# Assignment
The records below need to be repeated exactly, though not their pictures.

# Exercise input

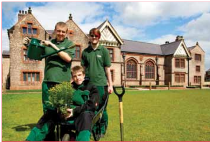
Above: Salford City College's horticulture students helped with ground maintenance at Ordsall Hall

CollegesWales led this year's celebrations at The National Museum of Wales and the Department for Employment and Learning for Northern Ireland hosted a glittering dinner event at the Parliament Buildings, Stormont.
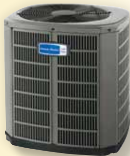
Gold XI Allegiance® 15

Gold Series air conditioners feature proprietary Spine Fin™ coils and Duration™ compressors, and efficiency that keeps you energy smart and comfortable in even the hottest weather.
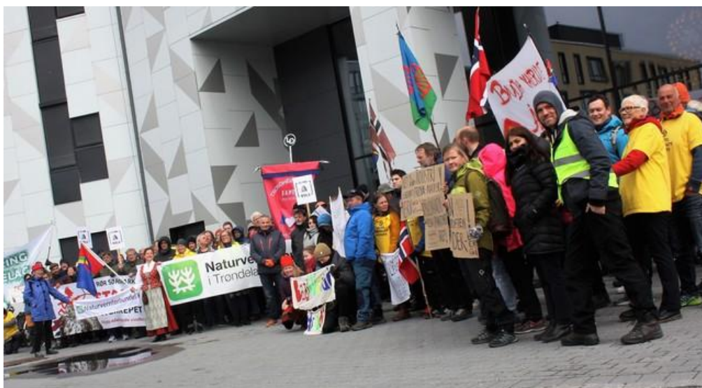
Influencers demonstrated against wind power plans outside Trønderenergi 13.05.2019. Behind the demonstration were a number of environmental organizations and Sámi organizations.

Both overall decisions on wind power development and licenses for certain wind power plants are influenced by a number of press groups. Who has been in favour of and against wind power development has largely changed over the last couple of decades.

# Reply
Above: Salford City College's horticulture students helped with ground maintenance at Ordsall Hall

CollegesWales led this year's celebrations at The National Museum of Wales and the Department for Employment and Learning for Northern Ireland hosted a glittering dinner event at the Parliament Buildings, Stormont.
Gold XI Allegiance® 15

Gold Series air conditioners feature proprietary Spine Fin™ coils and Duration™ compressors, and efficiency that keeps you energy smart and comfortable in even the hottest weather.
Influencers demonstrated against wind power plans outside Trønderenergi 13.05.2019. Behind the demonstration were a number of environmental organizations and Sámi organizations.

Both overall decisions on wind power development and licenses for certain wind power plants are influenced by a number of press groups. Who has been in favour of and against wind power development has largely changed over the last couple of decades.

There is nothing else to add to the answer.